US-led consortium’s winning bid stood at £295 million
LONDON: A consortium of US-based Indian techies have won the bid to own 49% of The Hundred‘s Lord’s franchise London Spirit.
Microsoft CEO Satya Nadella, Google CEO Sundar Pichai, Palo Alto Networks CEO Nikesh Arora, Times Internet Limited vice chairman Satyan Gajwani, Adobe CEO Shantanu Narayen, Silverlake Technology CEO Egon Durban, Sequoia’s Jim Goetz and two others are part of the consortium that participated in an e-auction process on Friday to grab the franchise.

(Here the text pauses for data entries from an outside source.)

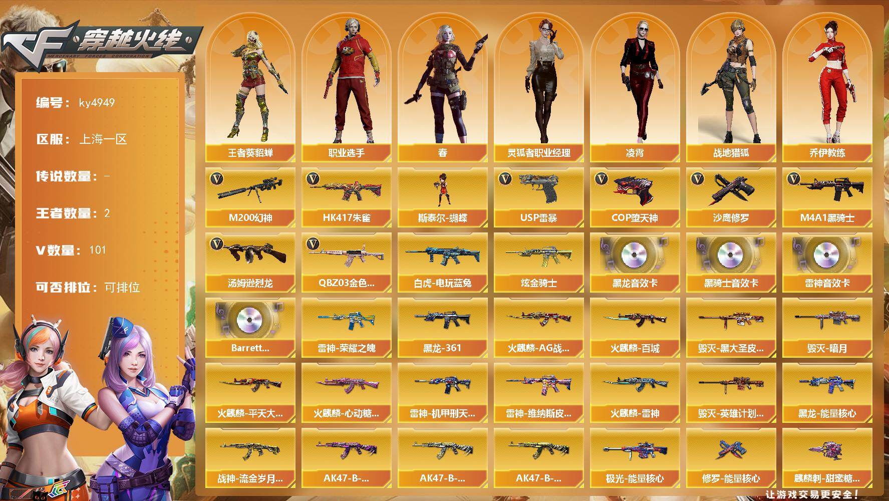 【395531】【395531】上海一区-101V-2王者-1炫金【热门武器】:QBZ03-金色蔷薇,HK417-朱雀,M200-幻神,白虎-电玩蓝兔,M4A
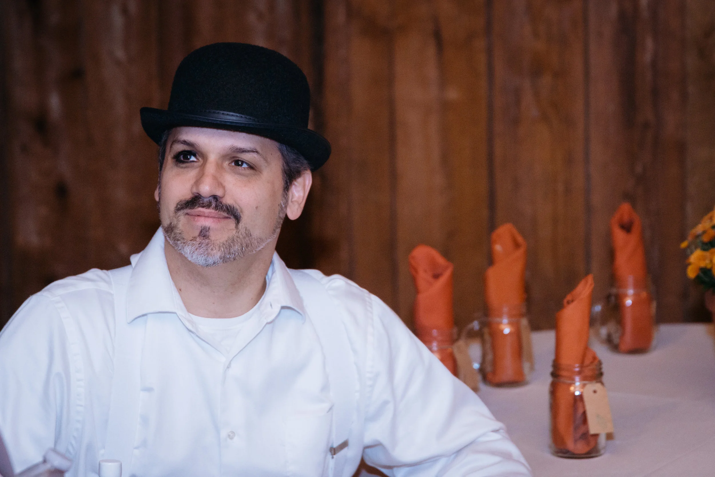 Man wearing a black bowler hat and white shirt, seated at a table with orange napkins in mason jars, wooden background. View fullsize
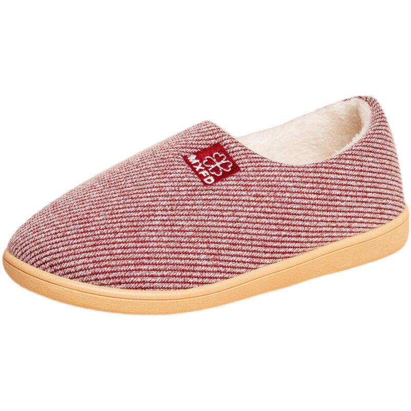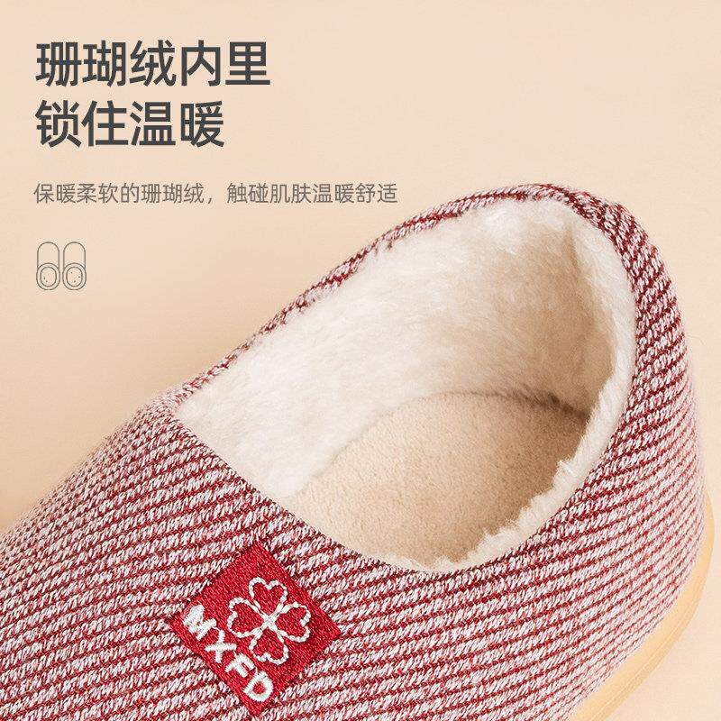 布足缘冬季 老年人包跟厚底家居室内防滑月子带后跟外穿 女士棉拖鞋
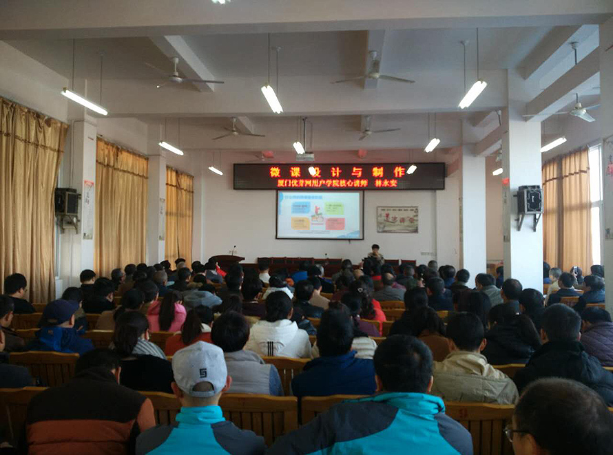 2017年2月12日上午,我校邀请厦门优芽网用户学院部核心讲师林永安老师进行微课设计与制作培训。通过本次培训,老师对微课的概念及特征,选题技巧,微课的设计与制作,播放讲解、剪辑制作等有更深层次的认识。
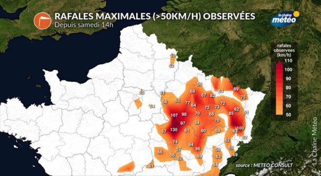 Au passage des violents orages dans l'est hier soir, de puissantes rafales ont été enregistrées. À Tonnerre (89), un record absolu de vent a été enregistré à la station.
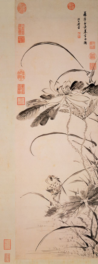 八大山人的荷花不是春色娇艳、欣欣向荣的鲜花,而是“溅泪”之墨花,是残叶败荷,一如他一向的画风,凄凉寂寞,冷意逼人。
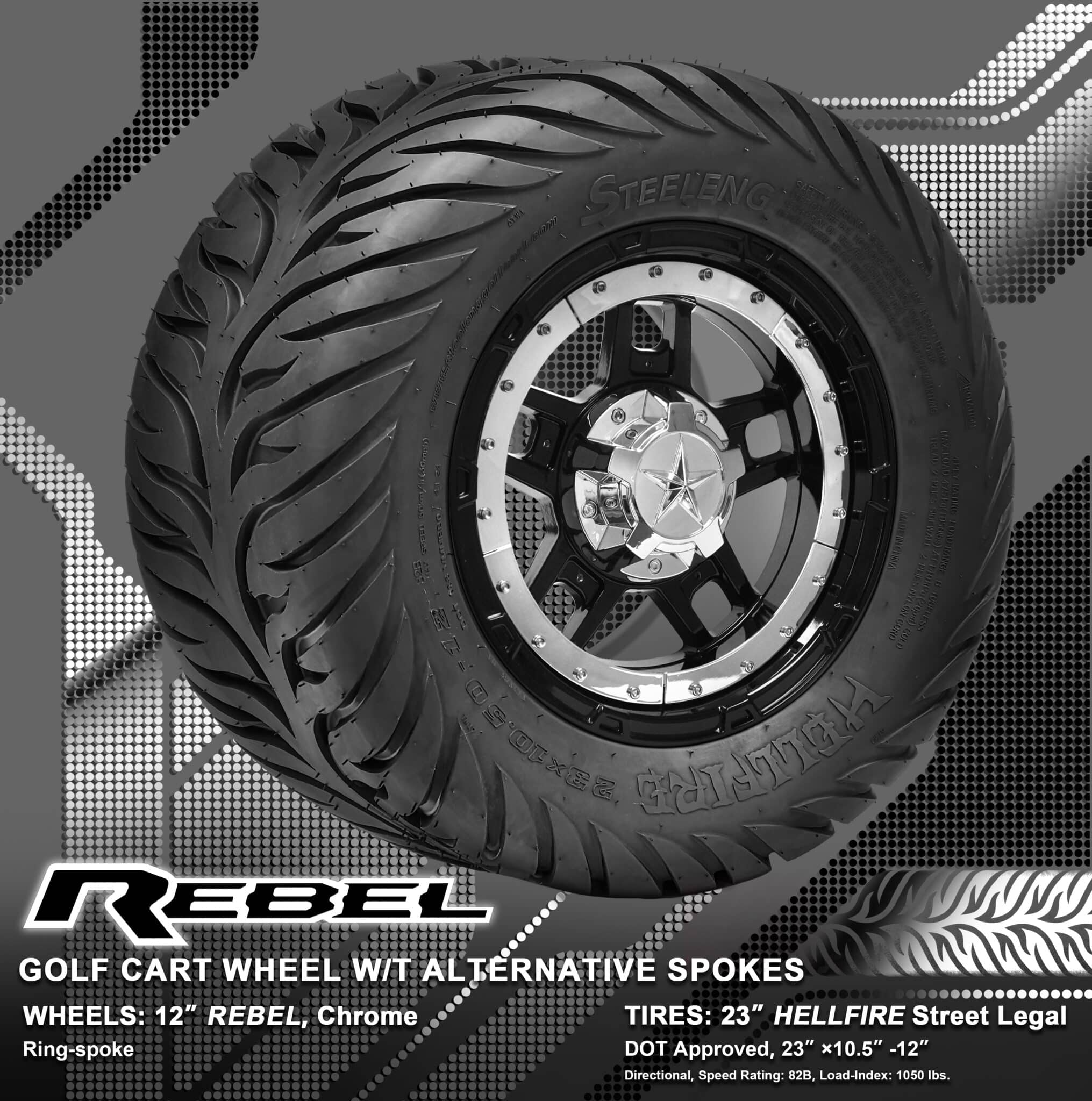 BNDL-TR1215-WH1251-WIRB15-LN0002 – SGC 12″ REBEL Glossy Black Wheel – Aluminum Alloy / STEELENG 23”x10.5”-12” HELLFIRE Street Tire DOT approved / REBEL Inserts-Ring-Chrome
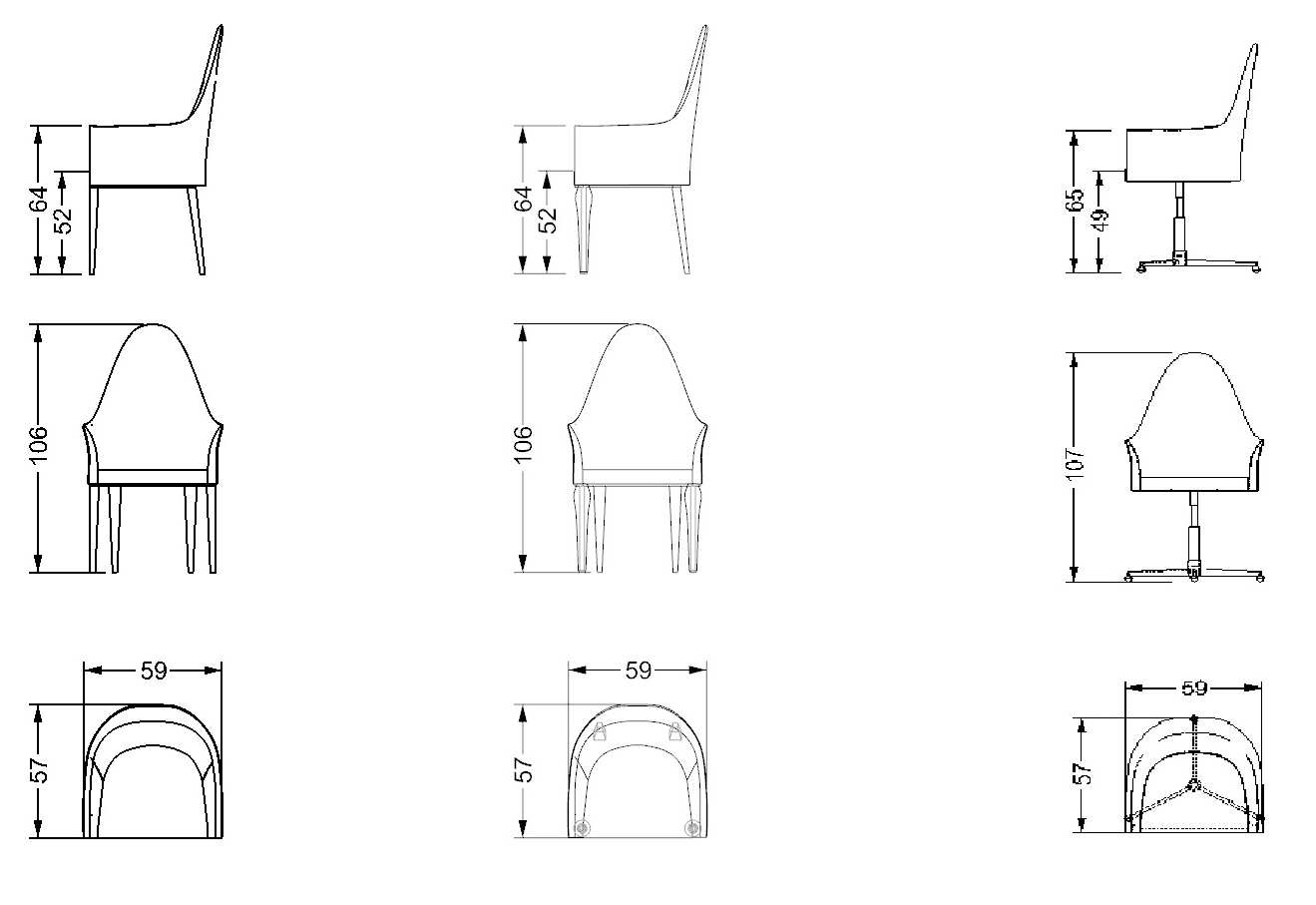 Chair with foamed wooden structure. Upholstery in velvet or leather. Legs in black matt or shiny lacquered wood or Canaletto walnut. Diamond quilting available for seat, back and rear-back.
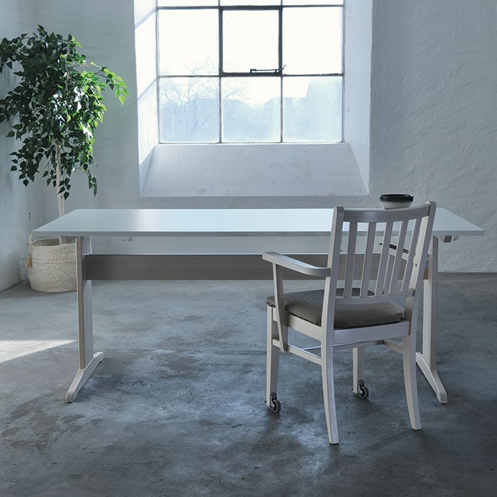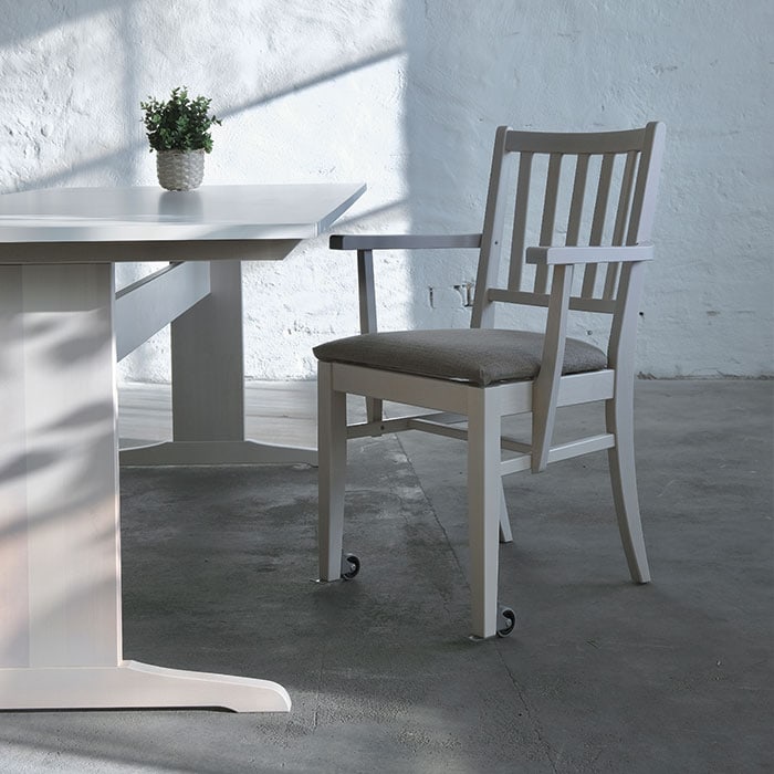 Med den här karmstolen får man en tålig och stabil stol där armstöden ger bra avlastning. Sitsen har fast urinväv som i sin tur träs över med en basker av tyg. Vid konstläder eller läder då spikas det fast istället. Den här karmstolen har även glidhjul som gör att det är enklare att förflytta stolen.
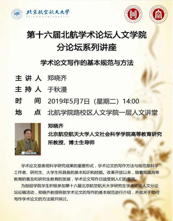 北京亚洲成人在线一二三四五六区研究生学术论坛旨在推动我校各学院研究生学术交流,弘扬优良学术风气。人文学院分论坛隶属于北航研究生学术论坛,现已开展到第十六届。第十六届研究生学术论坛已于2019年4月24日启动,面向全院在校硕士生及博士生,依照惯例沿用网上征稿的形式,进行为期一月的征稿活动。被录用的优秀论文将由学术论坛组委会推荐到《北京亚洲成人在线一二三四五六区学报》《复合材料学报》《航空学报》《航空动力学报》等进行复审和函评。
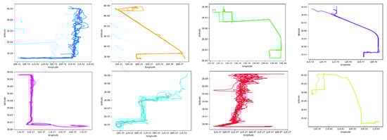 In order to further verify the generality of the algorithm, this paper selects eight types of high-quality data, as shown in Figure 16, from the GeoLife dataset, and it uses the user as the label in the experimental data. The data includes three different modes of transportation: walking, cycling, and driving. As can be seen from the images, these motion patterns have their own characteristics and are more complex than civil aircraft data, so they can better test the effect of the algorithm on different trajectories.
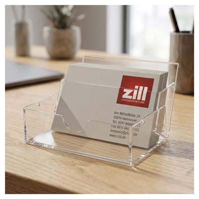 Diese hochwertige Visitenkarten-Box aus glasklarem Acrylglas sorgt dafür, dass Visitenkarten jederzeit ordentlich, geschützt und griffbereit sind. Der auflappbare Deckel ermöglicht ein schnelles Öffnen und Schließen, während die stabile Konstruktion die Karten zuverlässig vor Knicken, Staub und Verschmutzung schützt.
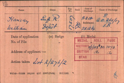 Attested in Suffolk Regiment on 29th December 1914 in Newmarket and examined in Cambridge. The 11th Battalion was often referred to as the Cambridge Battalion. Recruiting in the Fenland area had been so heavy that the Suffolk's depot in Bury St.Edmunds was struggling to cope and a camp was set up in Cambridge to cater for men from that area He gave his age as 30 years 5 months, a farm labourer from Sun Street, Isleham, who had previously served for 6 years with the 3rd battalion, Suffolk Regiment being discharged early in 1911. He gave his marriage particulars (above) and also recorded two children, John Richard 27-9-1907 and Ada 8-3-1912 both born in Wisbech. He was 5' 8.5" (174 cm) tall, chest 37" to 39.5"(94 to 100.3 cm). Having just the War and Victory medals shows he was not abroad before 1st January 1916, in fact he arrived in France 7th January 1916 He was first wounded on 1st July 1916 (the first day of the Battle of the Somme). Then he had a gunshot wound to the head on 20th March 1917, this may well have been when the battalion were in the line south of Roclincourt, carrying supplies, raiding and cutting wire ready for the assault on Arras. Then on 26th August 1917 he received gunshot wounds to the eye, nose and back, and is recorded as dangerously ill. His last and more severe, wounding probably came when they were engaged in the successful attack on Malakhoff Farm in front of Hargicourt. On 26th August 1917 he was first attended to at 103 Field Ambulance, passed on to 55 CCS (at Tincourt) and then to 5 General Hospital (Rouen) on 28th August before evacuation to UK on 21st September. Posted to depot (Bury St. Edmunds) on 22nd September 1917, he was discharged as no longer physically fit for service on 8th February 1918. He reported that he had suffered from pleurisy several years earlier but had fully recovered. Medical reports state that fatigue and the effects of his wounds had lowered his resistance and that he was 100% disabled. More often than not a casualty who died in UK was sent "home" for burial. It is not clear who arranged this and paid for it. One brother buried in Islesham and one in Wisbech is explained by his marriage in Wisbech, his subsequent residence there and his children being born in Wisbech. He does not appear on the Wisbech war memorial but on the Walsoken memorial in the churchyard of All Saints. His death registration is Wisbech Q4-1818 3B:1164 and gives him as an Army pensioner, suffering from gun shot wound and tuberculosis of the lung. The informant was his widow Elizabeth of 28 George Street, Walsoken, who married John H NEWMAN in 1920. |
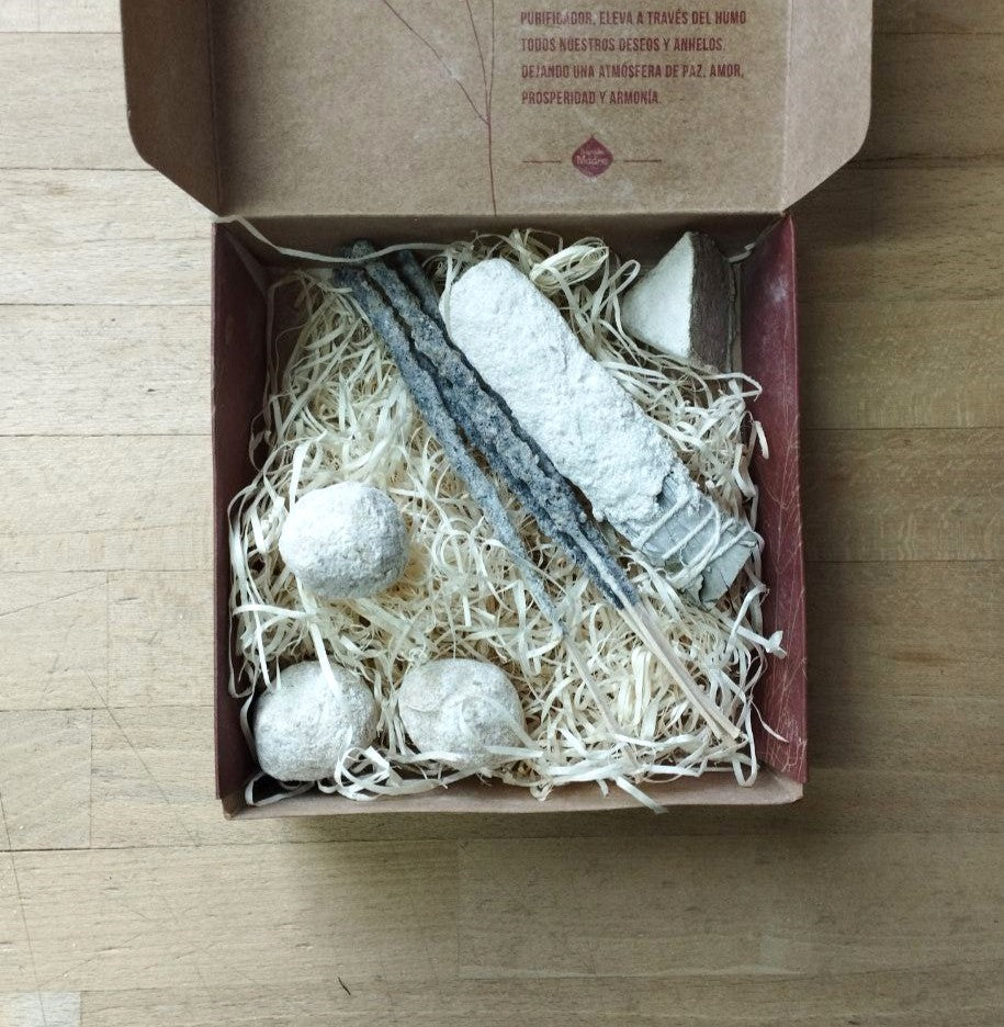 Wunderschönes Kräuter- Räucherset bestehend aus vier Räucherstäbchen Weißer Weihrauch, einer Räucherpyramide Yarga & Weihrauch, drei Copal Räucherkugeln und einem Kräuterbund Weißer Weihrauch.

On Thursday, Reliance-led Mumbai Indians had won the bid to own The Hundred’s other London franchise Oval Invincibles.
Sources say the US-led consortium’s winning bid stood at £295 million.
Arora, Pichai and Narayen are known to be big cricket fans while Nadella co-owns Major League Cricket’s (MLC) franchise Seattle Orcas, and Gajwani owns and runs Willow TV, cricket’s biggest streaming platform in the west, as well as Cricbuzz website.
£295 million is the 100% bid value of which the consortium will pay 49%. The remaining 51% will remain with the England and Wales Cricket Board (ECB) as part of The Hundred’s business model.
In a separate bidding process, MLC franchise Washington Freedom won the Cardiff franchise for £65 million.